ACTION ITEM → Return, with both end lines included, exactly what the data below holds from the line with "二连板航天长峰也发布了股票交" through the line with "The Pipeline shows", though not the pictures.

INFORMATION SHOWN →
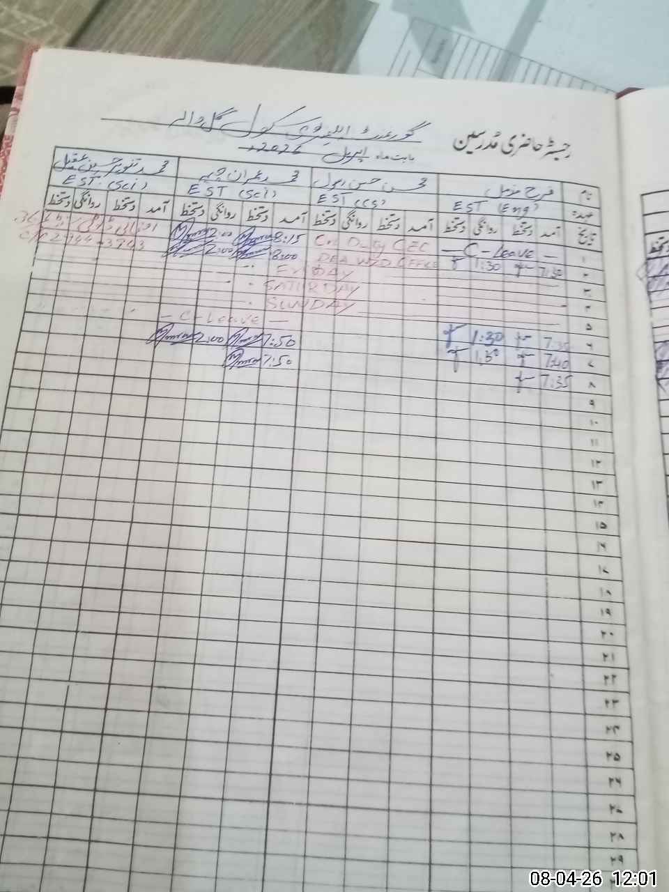 | 34**** | Mu**** Ta**** Hu**** Ak**** | EST (Math) | Regular | 0 | 0 | 0 | 0 | 0 | 0 | 0 | 0 | 0 | Exam Duty |
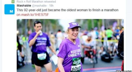 Phụ nữ 92 tuổi lập kỷ lục chạy marathon 42km Bà Harriette Thompson 92 tuổi về đích cuộc đua Rock ‘n’ Roll ở San Diego. (ảnh chụp từ trang Twitter của Rock ‘n’ Roll marathon) Một bệnh nhân chiến thắng ung thư 92 tuổi trở thành phụ nữ cao tuổi nhất hoàn tất một cuộc … Tiếp tục đọc
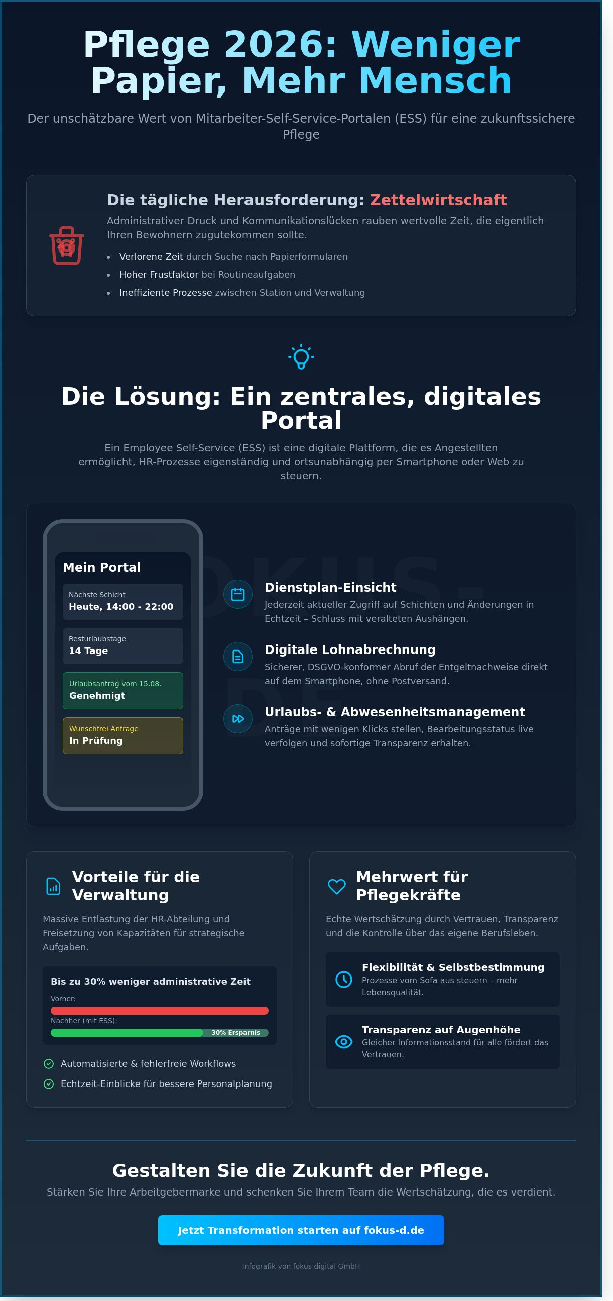 Dieser Leitfaden für das Jahr 2026 zeigt Ihnen Schritt für Schritt, wie Sie die digitale Transformation rechtssicher und mit einer hohen Akzeptanz in der Belegschaft meistern. Wir versprechen Ihnen einen praxisnahen Weg, der Ihre Verwaltung spürbar entlastet und Ihre Arbeitgebermarke nachhaltig stärkt. Erfahren Sie in den folgenden Abschnitten, wie Sie digitale Barrieren abbauen, volle Transparenz bei Lohnabrechnungen schaffen und Ihre Teams aktiv in die Gestaltung ihrer eigenen Arbeitswelt einbinden. Wir begleiten Sie dabei, die Brücke zwischen moderner Technik und menschlicher Pflege erfolgreich zu schlagen.
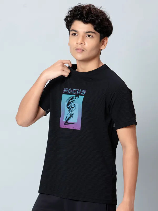 Offer Valid on a Minimum Cart Value of ₹999Boys Typography Printed Slim Fit Crew Neck T-shirt with ELASTO PLUS
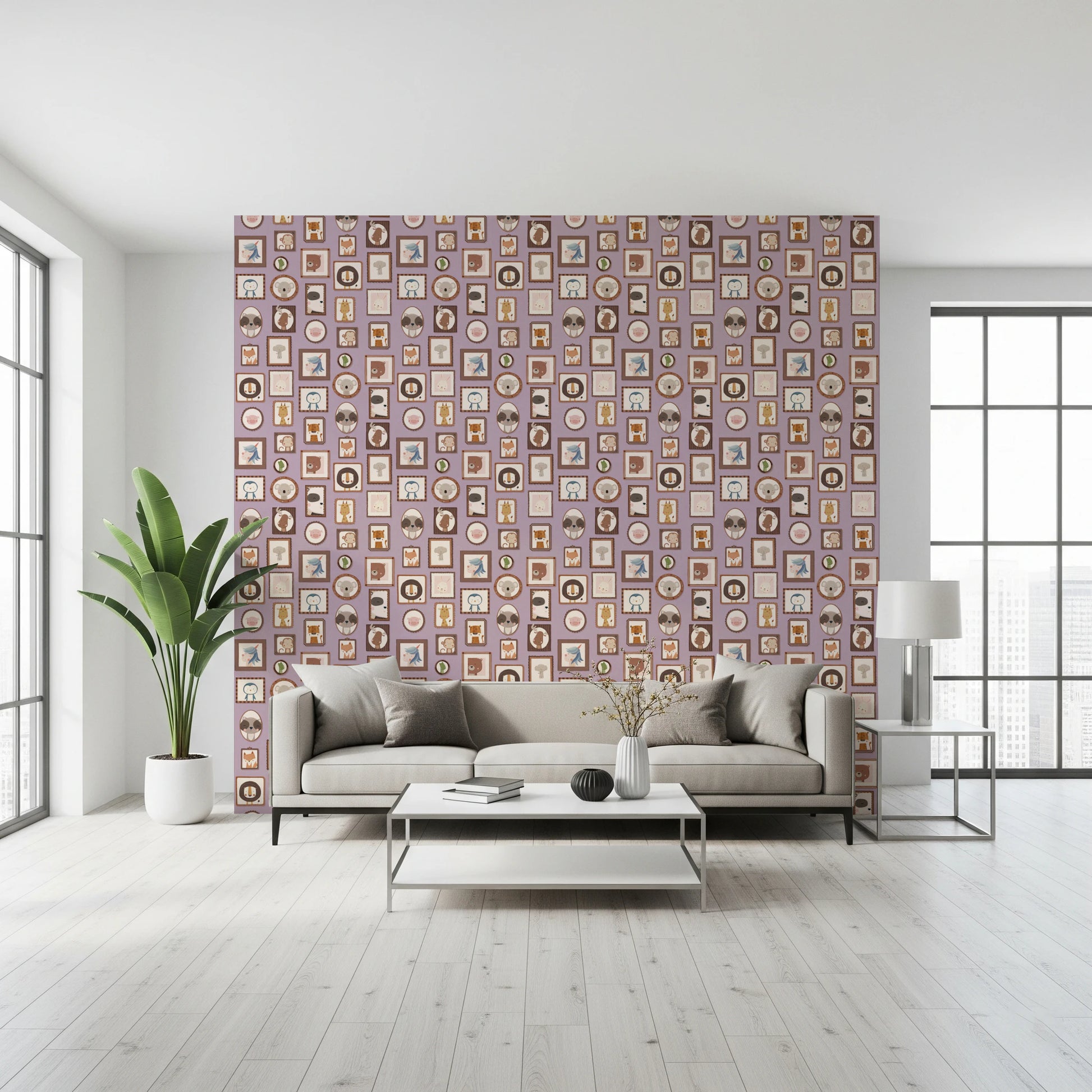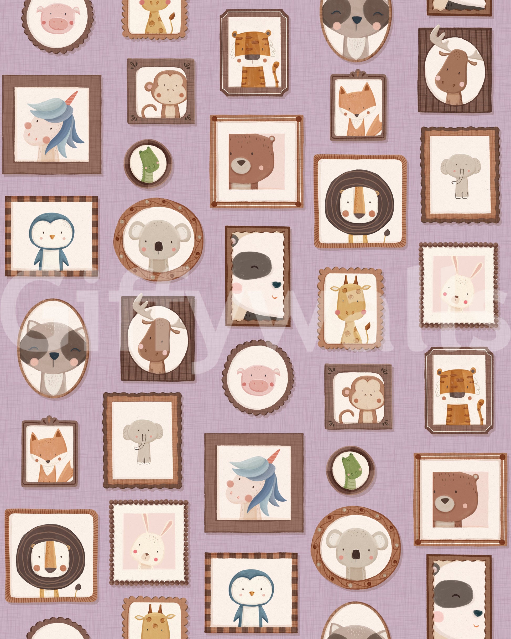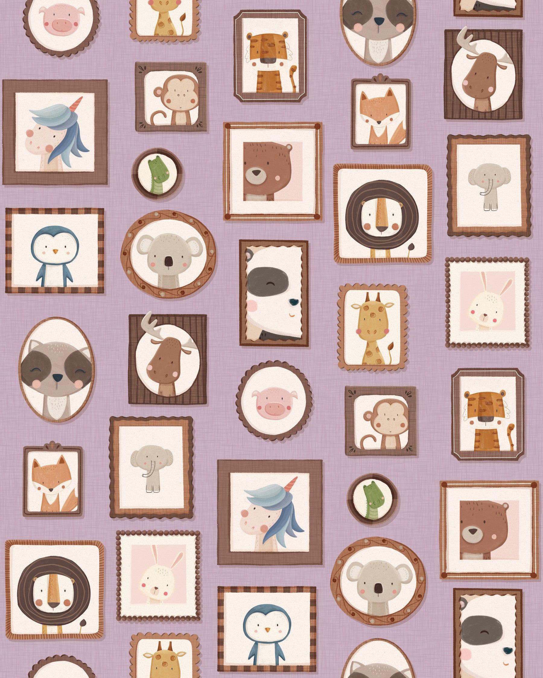 Transform your walls with this charming collection of framed animal portraits. The design showcases a variety of cute creatures, including lions, bears, penguins, and unicorns, each presented in a unique, decorative frame. The soft colour palette of lilac, beige, and brown creates a calming and inviting atmosphere. This wallpaper for walls is ideal for kids' rooms, nurseries, or playrooms. It adds a touch of whimsy and sophistication while enhancing the overall décor with its adorable characters and delightful arrangement. Instantly create a cosy and playful space.
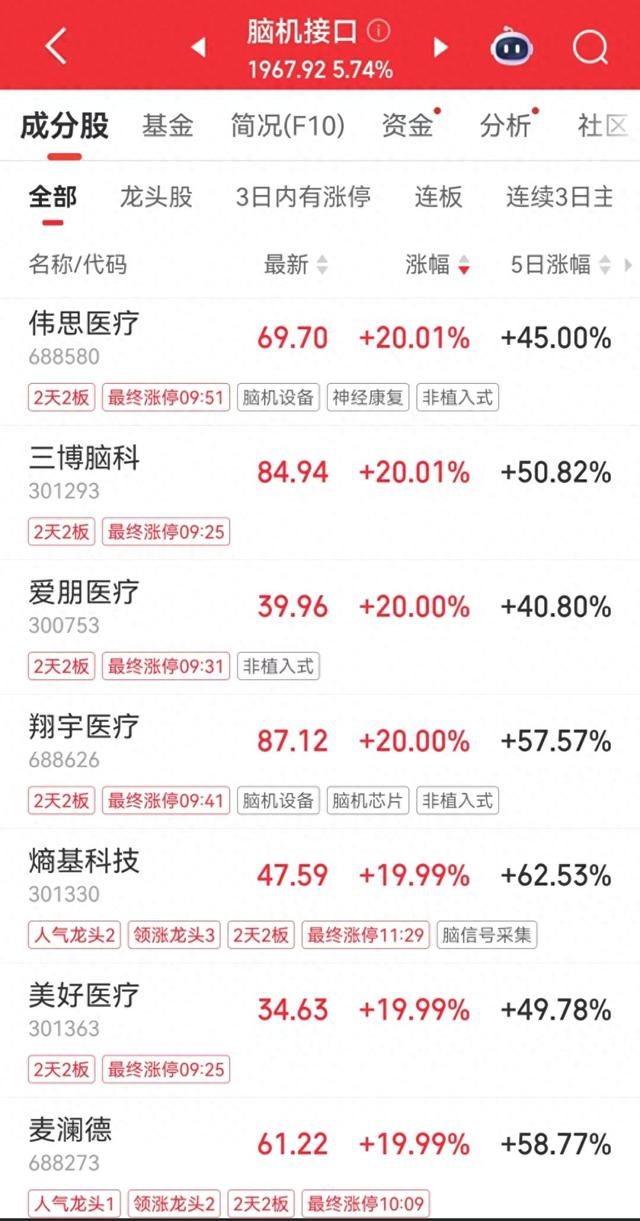 二连板航天长峰也发布了股票交易异常波动公告,称公司主营业务分为军工电子、公共安全和高端医疗装备三大板块,目前公司未实际开展脑机接口等相关业务、不从事商业航天相关业务。公司未实际开展脑机接口等相关业务、不从事商业航天相关业务。
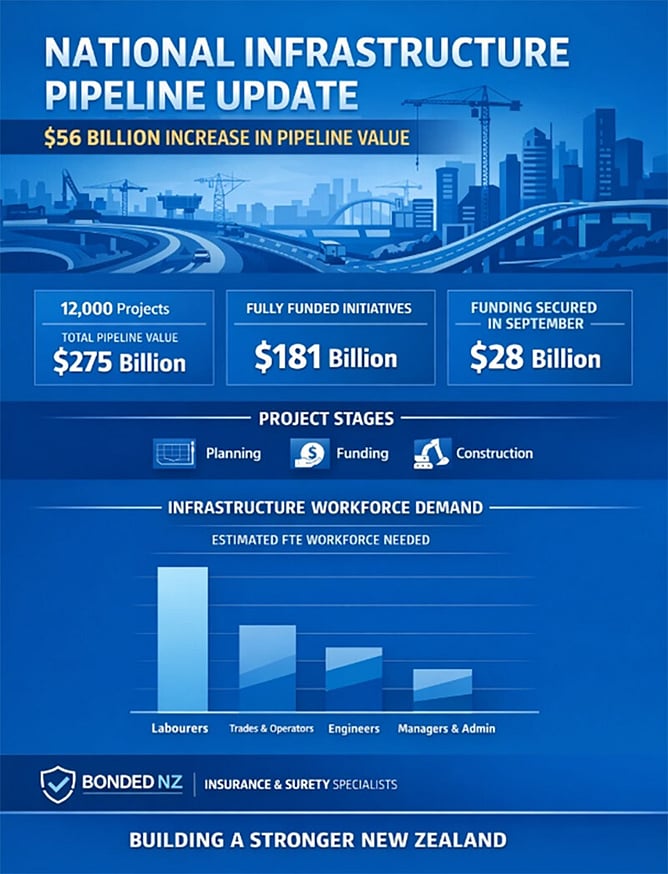 The Pipeline shows stability and future growth for infrastructure projects in New Zealand. Builders and construction companies should engage in proactive hiring strategies to ensure their workforce remains competitive, and secure themselves with the right insurance to mitigate potential project risks.
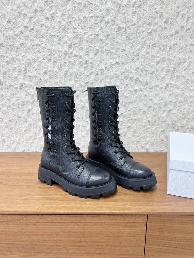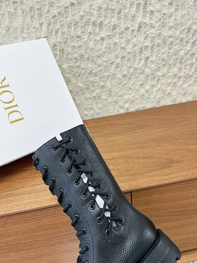 G637 Dior 迪奥 25Ss秋冬新款 系带马丁靴 短靴 DDD 彰显高订魅力 黑色橡胶效果牛皮革筒形设计 DDD 侧面饰以银色拉链饰面提升格调 DDD 搭配厚实而轻盈的凹口鞋底 DDD 可为本季休闲造型增光添彩 DDD 鞋面:采用原版进口小牛皮 DDD 内里垫脚:牛皮 DDD 跟高:4.5Cm DDD 鞋底:原版定制开Eva超轻橡胶大底 DDD 码数:35-39 40定做不退换 DDD
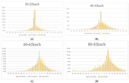 Distribution of VSP bin at the mean velocity interval. (a) VSP distributions of Op mode ID BJ taxi between 20 km/h and 22 km/h. (b) VSP distributions of Op mode ID BJ taxi between 40 km/h and 42 km/h. (c) VSP distributions of Op mode ID BJ taxi between 60 km/h and 62 km/h. (d) VSP distributions of Op mode ID BJ taxi between 80 km/h and 82 km/h.

SOLUTION TO THE PROBLEM →
 二连板航天长峰也发布了股票交易异常波动公告,称公司主营业务分为军工电子、公共安全和高端医疗装备三大板块,目前公司未实际开展脑机接口等相关业务、不从事商业航天相关业务。公司未实际开展脑机接口等相关业务、不从事商业航天相关业务。
 The Pipeline shows stability and future growth for infrastructure projects in New Zealand. Builders and construction companies should engage in proactive hiring strategies to ensure their workforce remains competitive, and secure themselves with the right insurance to mitigate potential project risks.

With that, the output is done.